_Requirement_: In this exercise, write out the data word for word and leave every image out.

━━━ Data section ━━━

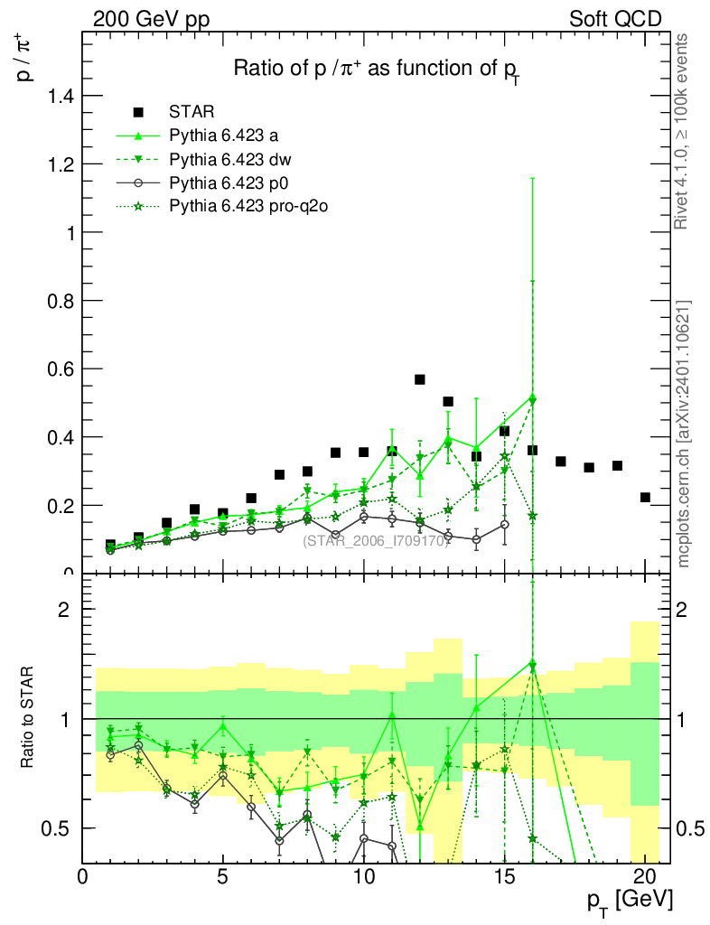 Soft QCD (inelastic) : Identified Particles : Ratios : p/π+ vs pT
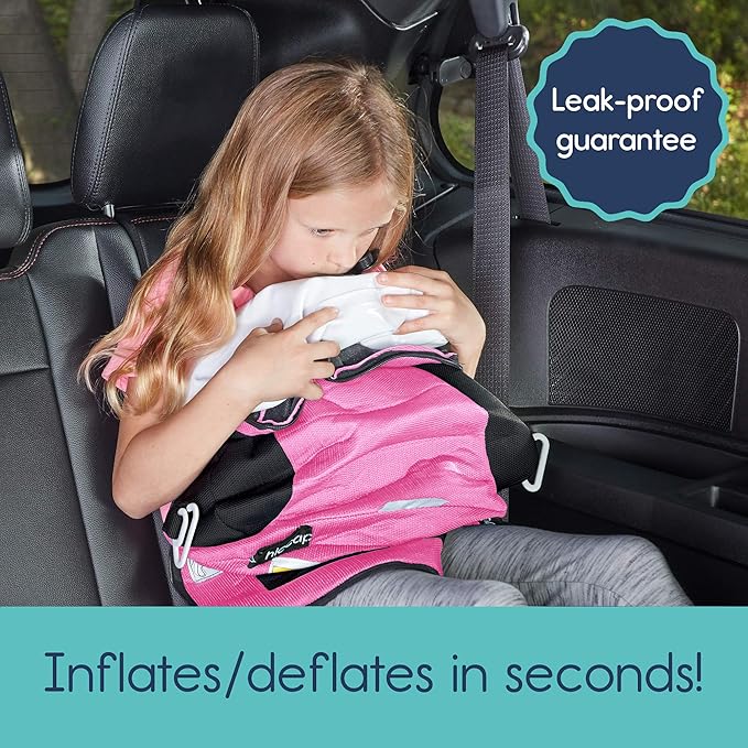 Hiccapop UberBoost Inflatable Booster Car Seat | Blow up Narrow Backless Booster Car Seat for Travel | Portable Booster Seat for Toddlers, Kids, Child | Pink/Black
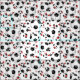 Ce tissu sur le thème du football présente un motif aléatoire de balles de football de taille variée et des coeurs de confettis rose et rouge éparpillés sur un arrière - plan blanc personnalisable - les plus grandes boules de football du motif mesurent environ 2 pouces, mais le motif peut être mis à l'échelle selon vos goûts - par katz_d_zynes

━━━

_Final answer_:
 Soft QCD (inelastic) : Identified Particles : Ratios : p/π+ vs pT
 Hiccapop UberBoost Inflatable Booster Car Seat | Blow up Narrow Backless Booster Car Seat for Travel | Portable Booster Seat for Toddlers, Kids, Child | Pink/Black
 Ce tissu sur le thème du football présente un motif aléatoire de balles de football de taille variée et des coeurs de confettis rose et rouge éparpillés sur un arrière - plan blanc personnalisable - les plus grandes boules de football du motif mesurent environ 2 pouces, mais le motif peut être mis à l'échelle selon vos goûts - par katz_d_zynes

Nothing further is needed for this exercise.